Kennedy used the same reasoning in Simmons to find a national consensus against the execution of juveniles under 18. Thirty states now prohibit the juvenile death penalty. That number includes the 12 states that have rejected the death penalty altogether, and 18 that maintain it but expressly exclude juveniles from its reach. The consistent trend, wrote Kennedy, has been toward abolition of the juvenile death penalty.

The International Covenant on Civil and Political Rights (ICCPR) is a treaty ratified by the United States and part of our domestic law under the Supremacy Clause of the Constitution. When the Senate ratified the ICCPR in 1992, it did so subject to a reservation to Article 6(5) of that treaty, which prohibits capital punishment for juveniles.

When Congress enacted the Federal Death Penalty Act in 1994, however, it determined that the death penalty should not extend to juveniles. Kennedy cited that law, as well as the infrequency of the use of capital punishment for juveniles, as further evidence that a national consensus has developed against the juvenile death penalty, notwithstanding the reservation to the ICCPR two years earlier.

Kennedy also took notice of scientific and sociological studies that confirm three general differences between juveniles under 18 and adults, demonstrating that juvenile offenders cannot with reliability be classified among the worst offenders, deserving of the death penalty.

First, youths display a "lack of maturity and an underdeveloped sense of responsibility" that "often result in impetuous and ill-considered actions and decisions." For that reason, wrote Kennedy, almost every State prohibits those under 18 years of age from voting, serving on juries, or marrying without parental consent.

Second, juveniles are more vulnerable or susceptible to negative influences and peer pressure, and, "lack the freedom that adults have to extricate themselves from a criminogenic setting."

Third, the character of a juvenile is not as well-formed as that of an adult.

"From a moral standpoint it would be misguided to equate the failings of a minor with those of an adult, for a greater possibility exists that a minor's character deficiencies will be reformed," wrote Kennedy.

Thus, the Court held: "When a juvenile offender commits a heinous crime, the State can exact forfeiture of some of the most basic liberties, but the State cannot extinguish his life and his potential to attain a mature understanding of his own humanity."

One of the most notable aspects of its decision in Simmons is the Court's reference to the law of nations. "Our determination that the death penalty is disproportionate punishment for offenders under 18," Kennedy wrote, "finds confirmation in the stark reality that the United States is the only country in the world that continues to give official sanction to the juvenile death penalty."

The Court cited the United Nations Convention on the Rights of the Child, which every country in the world except the United States and Somalia has ratified.

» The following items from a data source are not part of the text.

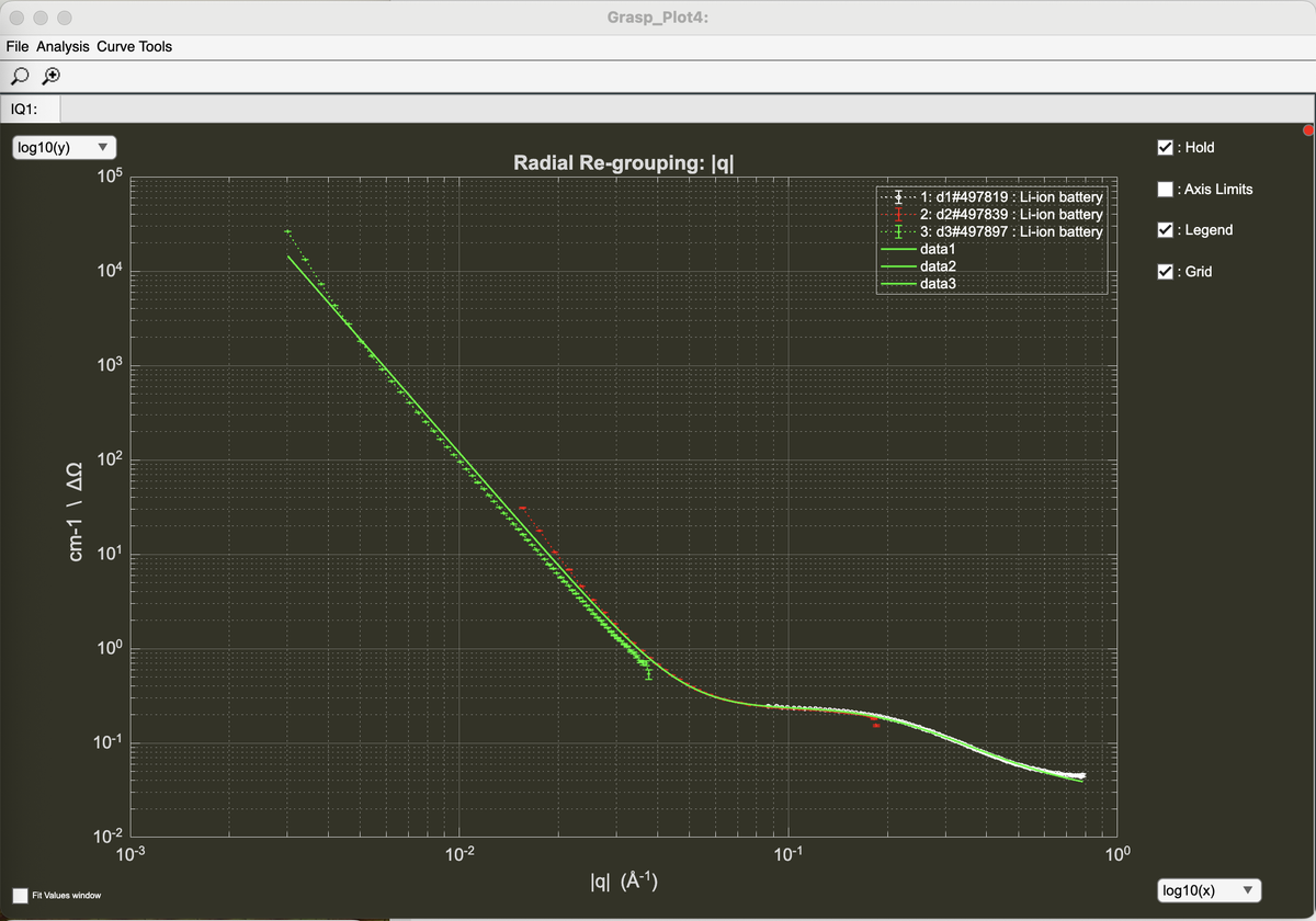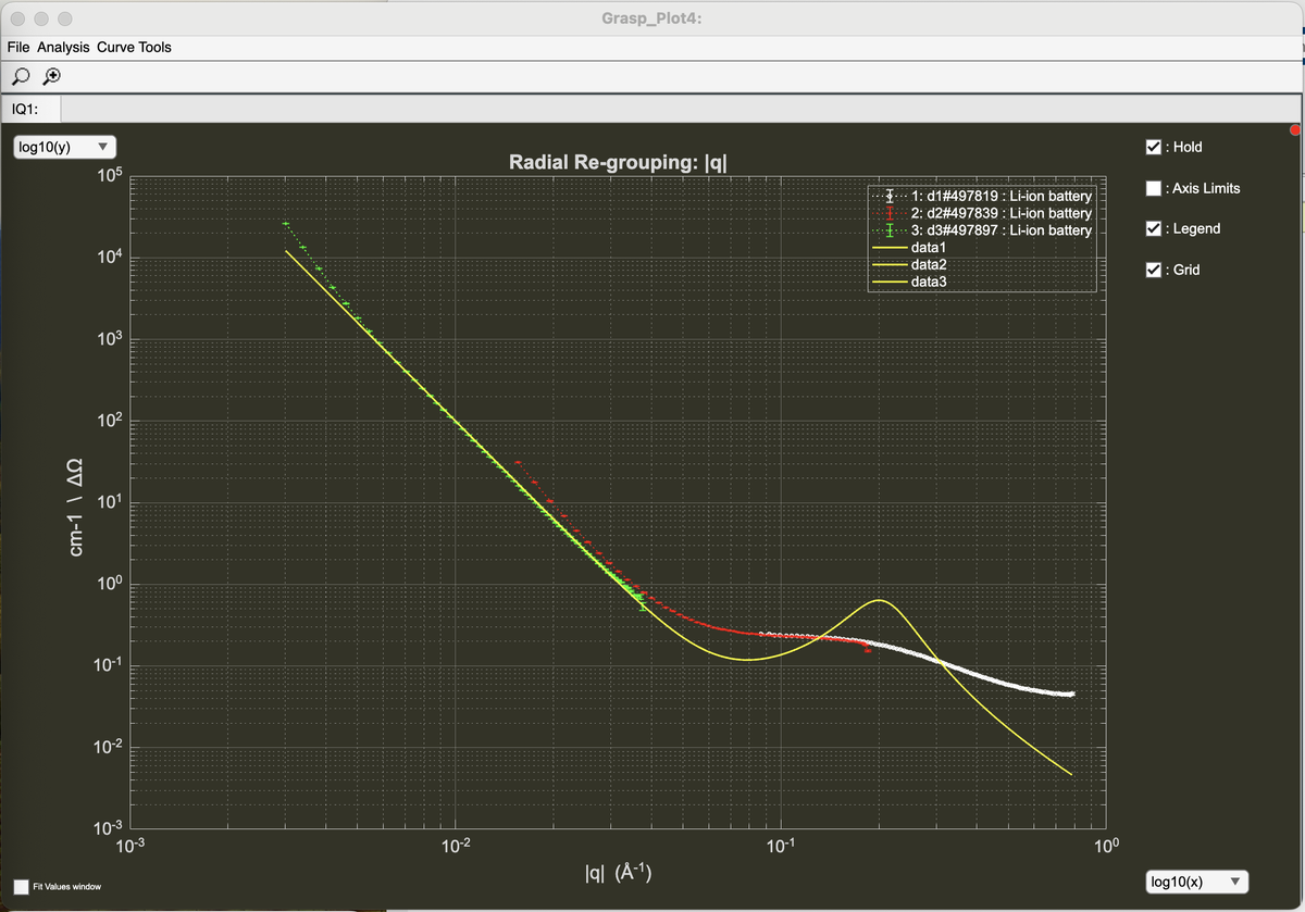 One of the methods for analysing and parameterising the measured scattering curve from hard carbon samples involves the fitting of a Lorentzian + 1/Q^4 (Porod) function.
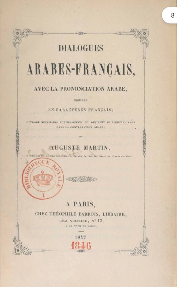 في كتابه “حوارات عربية فرنسية”، استعرض الكاتب الفرنسي، أوغست مارتن، مجموعة هائلة من العبارات المستعملة في اللهجة الجزائرية، قبل 200 سنة تقريبا، أي عام 1846، وتضمن كتاب مارتن معاني الأسماء والأمثلة، من الدارجة الجزائرية، مع ترجمة إلى اللغة الفرنسية. اللهجة الجزائرية، بمفرداتها الغنية وسلاسة كلماتها وعذب صوتها، كانت ولا تزال محل دراسات أكاديمية. ولعل كتاب “حوارات عربية فرنسية”، من بين أقدمها. والسؤال الذي يطرح بإلحاح: هل طرأ تغيير على لهجتنا؟ أم بقيت كما هي؟ قبل أن نجيب عن هذا السؤال الجميل، علينا أن نورد أمثلة كثيرة، كي يتسنى لنا أن نقارن بين لهجة الأمس واليوم.
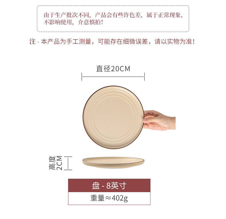 Plato de cerámica de 8 pulgadas, plato de filete de comida occidental, plato de pasta, plato de platos caseros, plato de ensalada de desayuno
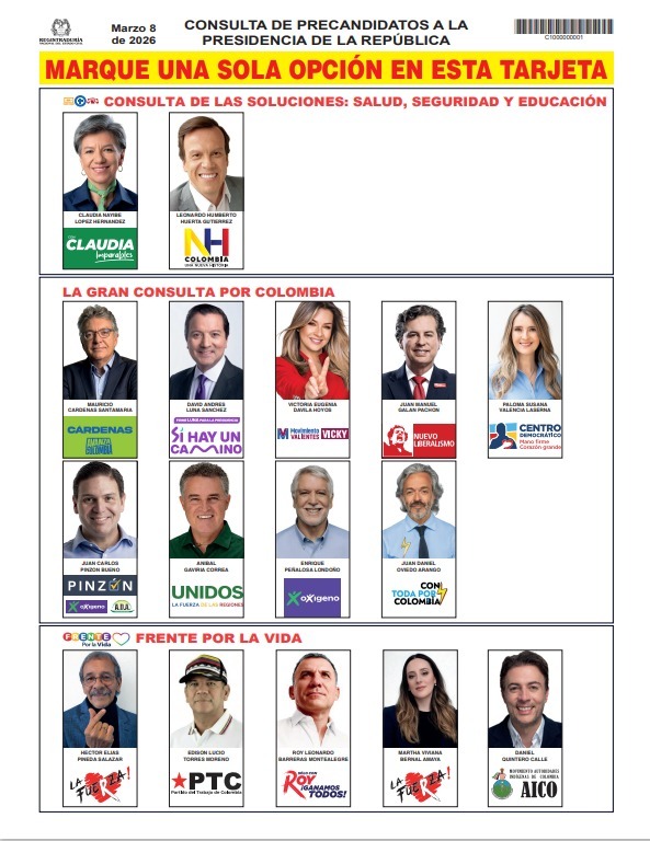 La Registraduría ratificó que, para garantizar la confidencialidad del sufragio, solo habrá una tarjeta electoral para todas las consultas. Bajo este esquema, el ciudadano podrá marcar una única opción entre los 16 precandidatos inscritos. Si el elector marca más de un candidato o selecciona opciones de distintas consultas, el voto será anulado para este tarjetón, aunque los sufragios por Senado y Cámara seguirán siendo válidos si los otros tarjetones se diligencian correctamente.
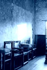 Close up old wooden cabinet and chair furniture of Chinese style in vintage and rustic grunge concrete wall in literature room with natural sunlight in Bangkok of Thailand. Vertical Photo
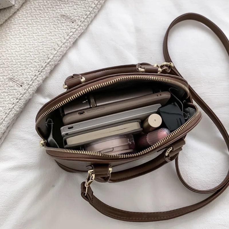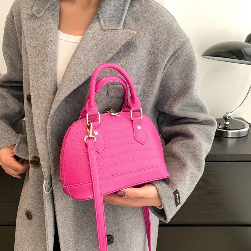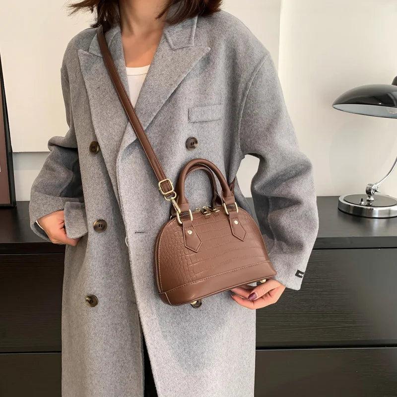 Elevate your style with this classic lady top handle bag. It features a trendy print and is made of high-quality leather. Perfect for any occasion.
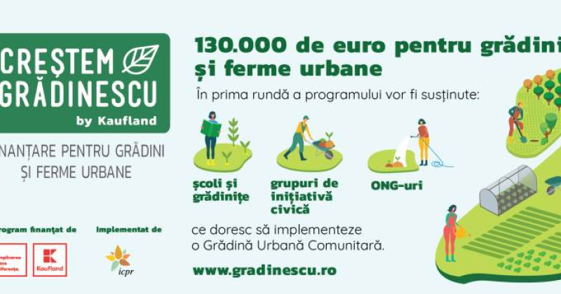 Kaufland Romania lanseaza in premiera platforma de finantare ,,Crestem Gradinescu”, impreuna cu Institutul de Cercetare in Permacultura din Romania, prin care ofera un grant total de 130.000 de euro gradinitelor, scolilor, organizatiilor non-guvernamentale neafiliate politic, grupurilor de initiativa civica, interesate sa dezvolte gradini sau ferme urbane in Romania.
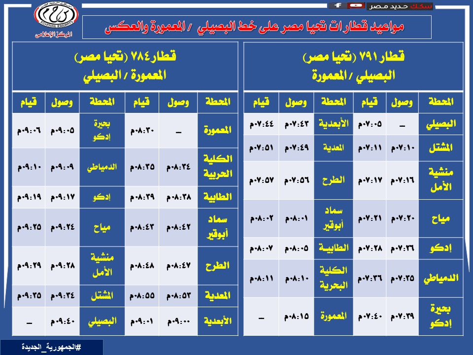 كما سيتم تشغيل خدمة جديدة بخط المعمورة / البصيلي وهما قطاري 790 / 791 طبقًا للجداول المرفقة ويترتب على ذلك تعديل ميعاد قطار 767 ركاب رشيد / المعمورة.

Article 37 contains an express prohibition on capital punishment for crimes committed by juveniles under 18. What Kennedy failed to mention, however, is that the United States has signed that treaty. Under the Vienna Convention on the Law of Treaties, a country that signs a treaty is forbidden from taking action inconsistent with the object and purpose of the treaty.

Justice Antonin Scalia wrote a dissenting opinion joined by the Chief Justice and Justice Clarence Thomas. Scalia, who fashions himself an "originalist," interprets the Constitution the way he thinks it would have been interpreted in 1791, when the Bill of Rights was adopted.

When Scalia spoke at Thomas Jefferson School of Law a few years ago, he chided the "evolutionists" on the Court, who would likely agree with Justice Thurgood Marshall's words: "I do not believe that the meaning of the Constitution was forever fixed at the Philadelphia convention. The true miracle was not the birth of the Constitution, but its life, a life nurtured through two turbulent centuries of our own making."

In his Simmons dissent, Scalia, still stuck in 1791, characteristically mocked the well-settled doctrine that the ban on cruel and unusual punishment should be analyzed in light of "the evolving standards of decency that reflect a maturing society." Yet, Scalia noted: "At the time the Eighth Amendment was adopted, the death penalty could theoretically be imposed for the crime of a 7-year-old."

Scalia disagreed with the majority's analysis of a "national consensus" against the execution of 16- and 17-year-olds because he omitted the 12 States that have outlawed the death penalty altogether from the total number of States that have shunned the juvenile death penalty. Instead of a total of 30 States found by the majority, Scalia counted only 18, less than 50% of the 50 States.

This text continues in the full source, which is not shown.